Helpful Criticism #IWSG

Today, I’m not insecure. One might think I have some great tidbit of wisdom on how to achieve such a state. I don’t. But I can tell you how I got there, at least for today.

I know some of my primary weaknesses in writing, one of which is building/conveying emotions. Lately, I’ve been working on that. I knew, based on feedback, that a prologue of mine didn’t build reader empathy. I tried to correct it on my own. Maybe I needed a “Save the Cat!” scene for my characters? I revised, and then hit up my group in the IWSG Critique Circle.

My changes didn’t quite pull off the positive effect I was hoping for.

My partners in the IWSGCC made some actionable suggestions. Have the character put up more of a fight. Give more face time with the bad guy. Have the character show more concern.

I already knew I have an issue with inappropriately unconcerned characters. It happens with all of my characters.

Cera: Oh, my guardian is dying? How about I go on date.
Derek: Oh, my hand is numb and I have weird black veins. Man, I’m hungry.
MaTisha: Oh, my blood is the wrong color. Can I get something to drink?

Unfortunately, when I tried to correct that with LaTonya, it went to the melodramatic side. Ah well. But after getting feedback, I realized the key to emotions is more in the timing and narration clues. I haven’t mastered that yet. But with practice, I should be able to get there.

I have direction. Because of that, I’m not insecure.

What are you insecure about? What are your major writing downfalls? Do you have someone who can help you overcome them?

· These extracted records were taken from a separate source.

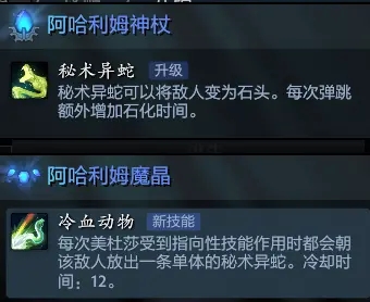 1、秘术异蛇无法被躲避(跳刀等闪烁技能) 2、远古单位能回很多蓝,屯一些远古没蓝了c一下直接回满
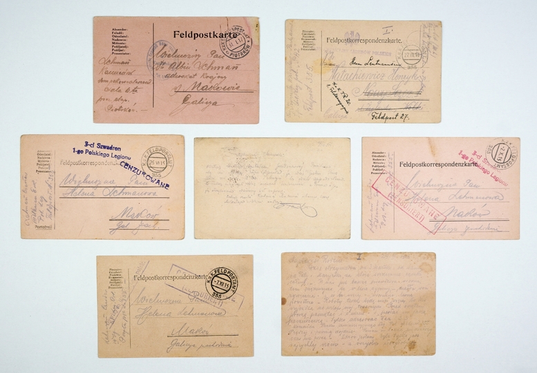 [KORESPONDENCJA legionowa]. Zestaw 7 kart korespondencyjnych z l. 1915-1917 opatrzonych pieczęciami formacji Legionów Polskich.
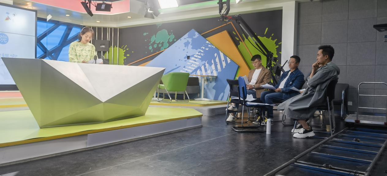 2023年5月15日下午,22级播音与主持艺术班各小课组老师共同在公司演播室,组织45名同学参加了语音与发声课程期中考试。
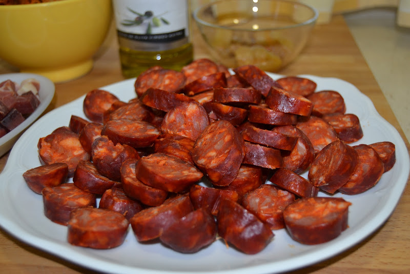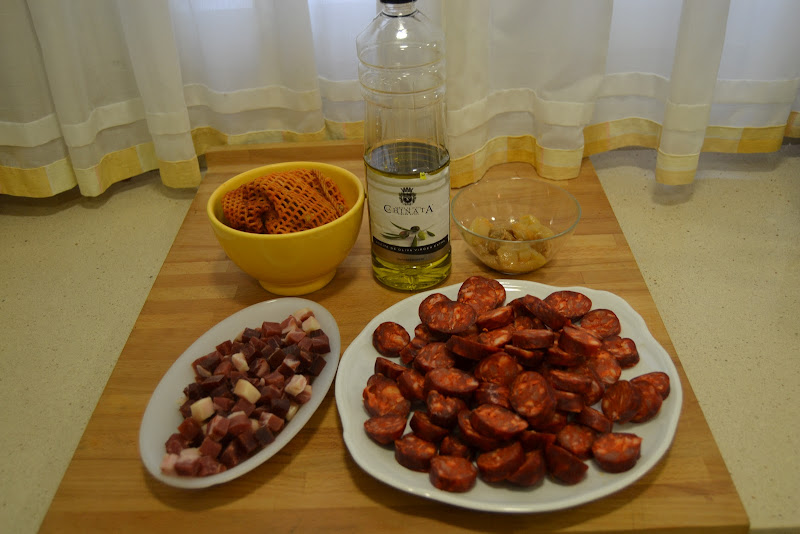 3º.- Salteamos ligeramente en un poquito de aceite de oliva virgen extra las rodajas de chorizo y el jamón durante unos minutos y reservamos.

About Insecure Writer’s Support Group
InsecureWritersSupportGroup
You can find the sign up for the IWSG here. We owe Alex J Cavanaugh a huge thank you for thinking this blog hop up.

Loni Townsend

About Loni Townsend

Wife. Mother. Writer. Ninja. Squirrel.

37 thoughts on “Helpful Criticism #IWSG

  1. My biggest downfall is hitting “publish” before I’m 100% ready.

    Seriously though, I think I need to sign up for one of the critique circles…

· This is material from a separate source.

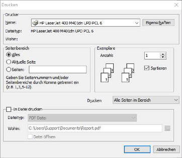 Für die meisten Listen lässt sich die Druckausgabe bei Bedarf in eine Datei umleiten. Der Dateityp lässt sich in der angezeigten Combobox festlegen.
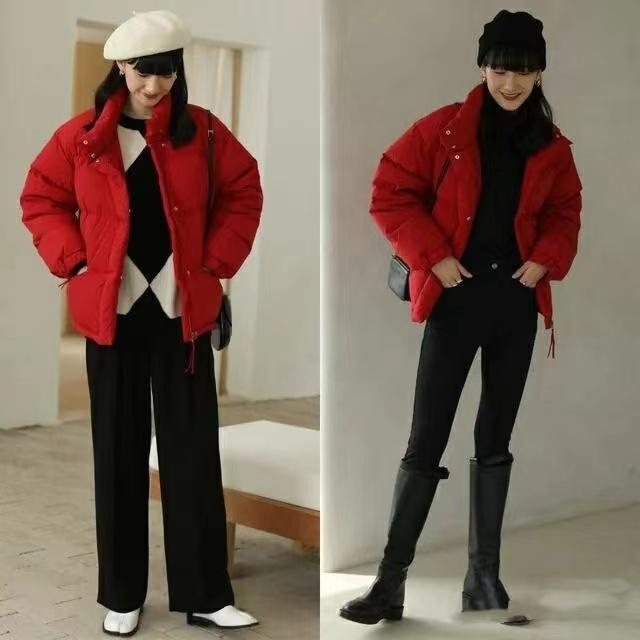 小个子姑娘的穿搭,可以简约俏皮,也可以时髦活泼。短款的棉服外套,轻盈蓬松。配上一条高腰的锥形裤,宽松的裤腿休闲舒适,不管是什么腿型,都能够得到更好的修饰性,上身显高又不臃肿。

    Congratulations on making progress and positive strides! šŸ™‚

  2. The awareness of what needs to be done to succeed is the biggest step toward defeating insecurity.

    Arlee Bird
    A to Z Challenge Co-host
    Road trippin’ with A to Z
    Tossing It Out

  3. awesome post! you’re aware and that’s all that matters! I had a Save the Cat moment too recently. Sometimes my characters come across shallow so I’m working extra hard to get those moments in early on now!

  4. You’re examples of inappropriate character responses are hysterical. I have the same problem. I get so focused on what’s happening I forget the characters involved will react. Good constructive input is great, isn’t it. Glad you have a good circle. I love my critters.

  5. Emma Adams

    I struggle writing character emotions, too, though I’ve got better at it. My characters all used to act like robots. šŸ˜›

  6. I could really use some direction right now. I have been floundering more than a little bit lately. Kudos to you!

  7. I just sent my MS to my beta readers. I have plenty to be insecure about. LOL But my hero saves the cat–literally! šŸ˜›

    IWSG #126 until Alex culls the list again.

  8. That’s awesome the Critique Circle group was able to help. Knowing what we are lacking is half the battle.

  9. Having direction is always huge! That is what will stop me when I’m not sure which way to go. Wonderful that you’re feeling good today!

  10. You’re working on your stuff – really paying attention to what you need to improve on (and everyone has something) Glad you’re in a good mood today too!

  11. Hi, Loni…

    LOVED your character’s responses… but I do see the problem. LOL. I know you’ll work theme out. Just put YOURSELF in their place and react….

    Thankfully emotion and atmosphere are my trademarks as a writer, so no insecurities about that. But in life….

  12. You sound so confident, and that’s great! It’s such a good feeling to know where you’re going and what you need to work on.

  13. “Oh, my hand is numb and I have weird black veins. Man, Iā€™m hungry.”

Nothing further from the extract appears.